Conducted in January and February this year, the survey gives a concise snapshot of prevalent attitudes and concerns across the sector. Overall, the results highlight the immense pressure industry players are under from rising costs, increasing economic volatility and tougher risk and regulation obligations.

“Compliance and efficient operations are the highest focus at the moment. It’s a big ask, and everyone is looking at new ways, including using digitalisation, to meet those targets,” explains Jon Nation, General Manager, Marketing, Wärtsilä Marine Business.

However, the industry is also wary of investing in new technologies without evidence of guaranteed outcomes. This is understandable; in shipping, planning, development and change are not straightforward. It should come as no surprise that the risk-averse maritime industry needs to see tangible benefits before widespread commitment to large-scale digitalisation takes hold.

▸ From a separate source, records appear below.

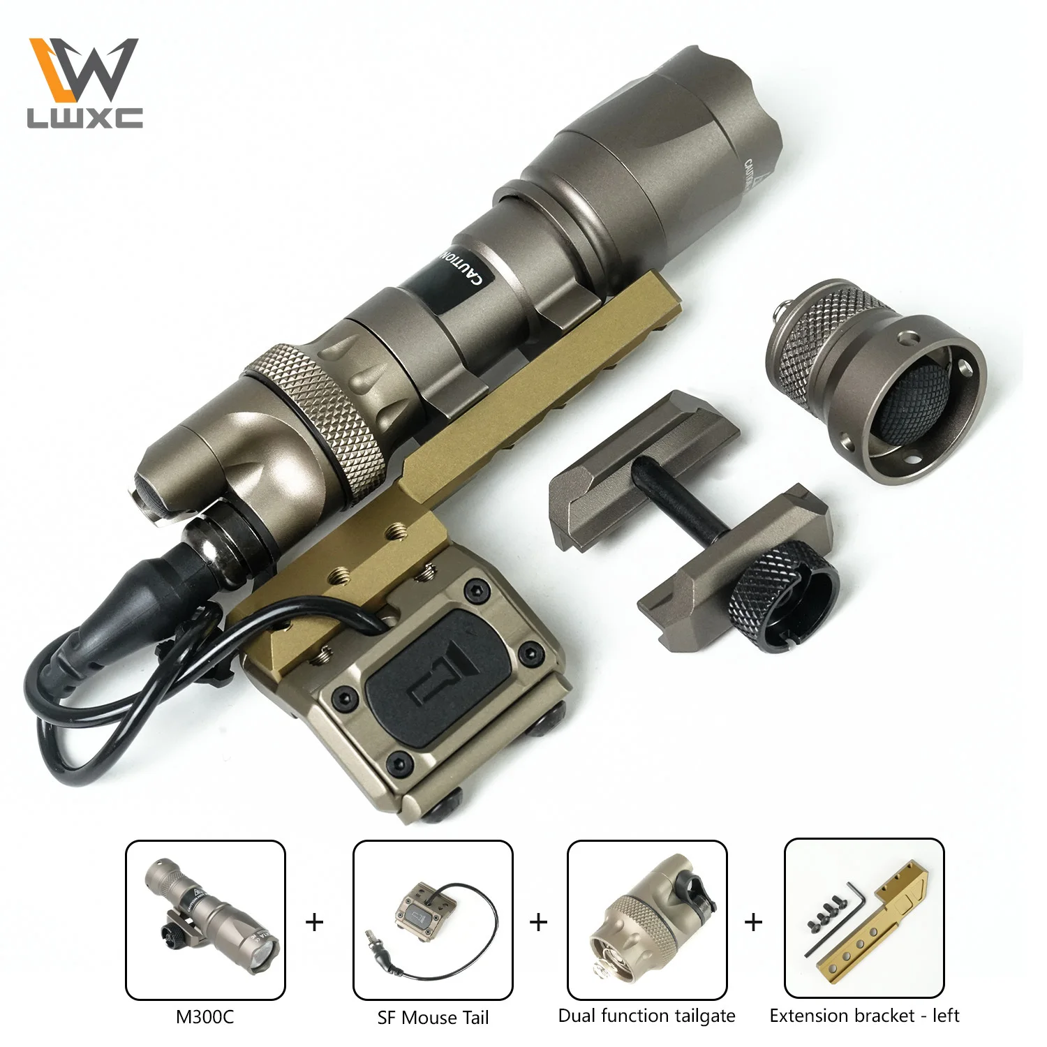 Taktická baterka sada M600C M300C LED skautské lehký s modbutton měrný tlak a naklonění prodloužení držák vhodný 20MM bariéra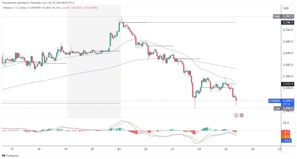 Yesterday, October 24, the price of Ethereum had a new attempt to recover but again encountered the same resistance at the $2650 level. We started the retreat from there again last night, which continued on Tuesday, October 25. Ethereum formed a daily low at the $2461 level and came significantly closer to the weekly low of $2450. Now, we are monitoring how the price will behave in this zone because we could easily see a continuation to the bearish side and the formation of a new weekly low.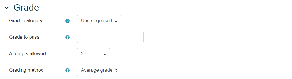 Grading method: If multiple attempts are allowed, specify how students will be graded: Highest grade, Average, First attempt, or Last attempt.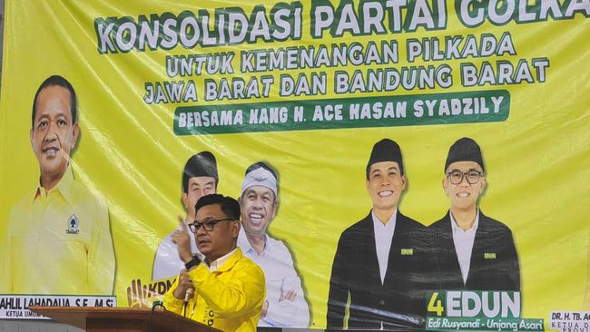 Diketahui, Partai Golkar mengusung dan mendukung pasangan Cabup-cawabup Bandung Barat Edi Rusyandi-Unjang Asari (Edun) di Pilkada KBB 2024. Pasangan Edun juga didukung oleh beberapa partai politik lain, seperti Partai Solidaritas Indonesia (PSI).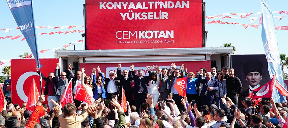Cumhuriyet Halk Partisi (CHP) Konyaaltı Belediye Başkan Adayı Cem Kotan, Kanal V’de gazeteci Ali Buldu’nun sorularını yanıtlarken Türkiye ittifakını Konyaaltı’nda gerçekleştirdiklerini belirterek, Kent Meydanı’nda Pazar günü düzenledikleri mitinge diğer partilerden geniş katılım olduğunu söyledi.

“The response shows that our partners want evidence, and if it’s not explained well, the technology can seem complex,” Nation points out.

In a traditional industry, there are perceived barriers that need to be overcome, he adds. And in a sector, that’s already characterised by uncertainty, suppliers shouldn’t simply shift the burden of understanding onto their clients.

Explain well, listen better

Instead, digital service providers must work harder to ensure that what they offer is relevant and that its value and application is clearly understood. This is something heard loud and clear from survey respondents.

“What we’re finding is that customers are being bombarded with solutions and concepts that can make the future seem complicated,” says Nation.

Effective future-proofing grows from a true partnership, he emphasises. This requires honest communication and genuine collaboration between technology providers and marine customers. This feedback accurately reflects Wärtsilä’s real-world experience with its clients, he adds.

“The best examples of technology being used to concretely help an organisation have taken the form of long-term, collaborative partnerships that focus on the outcomes and needs of customers,” Nation explains.

According to Nation, the results of the survey indicate a need for technology providers to understand that digital solutions must be marketed as ways of supporting and building the business – a means for taking advantage of market opportunities. Maritime players need to feel like they aren’t being told to go digital simply for the sake of it.

It follows that to efficiently address challenges through digitalisation, providers need to truly understand these challenges from the unique perspective of their customer. Like all good partnerships, it’s about listening and speaking a shared language.

Less than a quarter of respondents are “very satisfied” or “completely satisfied” with the digital solutions available to their organisation. The upside to this is that there’s plenty of room for digital service providers to listen, learn and make sure they’re offering the right solutions and explaining them effectively.

Working better together

All in all, the survey offers insight that allows Wärtsilä and other service providers to tailor their approach to the latest industry needs and pain points. Input came from all areas of operations as well as from C-suite, sampling a diverse cross-section of users, operators, implementers and strategy experts.

Understanding how customers view digitalisation allows technology providers to add value, ensuring they have the information and evidence they need to address key challenges.

“It’s our joint responsibility to make solutions comprehensible and relevant to business opportunities,” Nation concludes.